Explanation of symbols

  DESCRIPTION OF SYMBOLS 1 Anode side separator, 1a Expansion formation part, 2 Cathode side separator, 2a Expansion formation part, 3a Anode gas flow path, 3b Cooling flow path, 3c Cathode gas flow path, 4 Electrode / electrolyte membrane assembly, 5 Resin, 6 Manifold Through hole, 7 Through hole for integration, 7a Undercut part, 8 Recess, 9, 10 Mold, 11 Runner, 12 Gate, 13 Mold pin, 14 Manifold seal part, 15 Seal receiving part, 16 Cooling flow Road seal part, 17 seal receiving part.

Claims (7)

A joined body in which an anode current collector, an anode catalyst layer, an electrolyte membrane, a cathode catalyst layer, and a cathode current collector are sequentially laminated;
A separator that forms a pair having an enlarged formation portion that is disposed oppositely across the joined body and is enlarged in the facing surface direction than the joined body,
A fuel cell comprising: a resin that is injected into a gap between the enlarged forming portions of the pair of separators and that joins the joined body and the separator.   2. The fuel cell according to claim 1, wherein a space portion is provided in the enlarged formation portion of the pair of separators so as to communicate with each other, and the resin is injected into the space portion.   3. The fuel cell according to claim 2, wherein at least one of the space portions is formed such that at least a part of the opening cross-sectional area thereof is larger on a side farther than a side closer to the opposing surface of the separator.   The fuel cell according to claim 1, wherein a surface of the separator in contact with the resin is provided with unevenness.   A manifold through hole is provided in the enlarged formation portion of the paired separator so as to communicate with each other, and one of the pair of separators communicates with the space portion and surrounds the manifold through hole.
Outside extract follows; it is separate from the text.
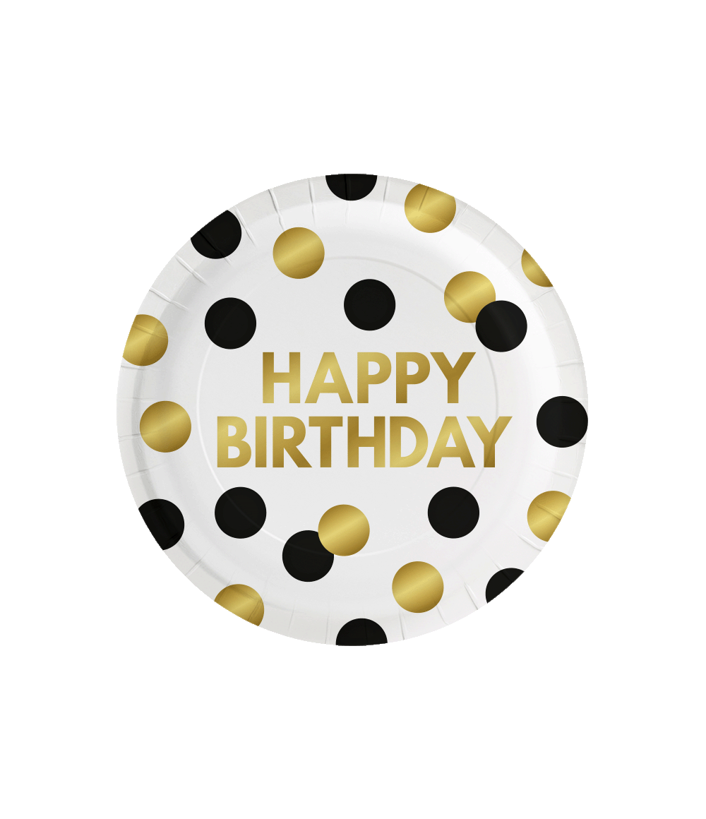 Happy Birthday Tallrikar Svart Guld Prickar 23cm 8st

The fuel cell according to claim 2, wherein a resin sealing portion is formed to project the resin.   A cooling channel for flowing a cooling fluid is provided on a surface opposite to the surface adjacent to the joined body in at least one of the paired separators, and one of the paired separators includes a space portion and The fuel cell according to claim 2, wherein a resin is protruded and disposed so as to communicate and surround the cooling flow path to form a cooling flow path sealing portion.   2. The fuel cell according to claim 1, wherein the resin is at least one of an olefin resin, an olefin thermoplastic elastomer, and a styrene thermoplastic elastomer.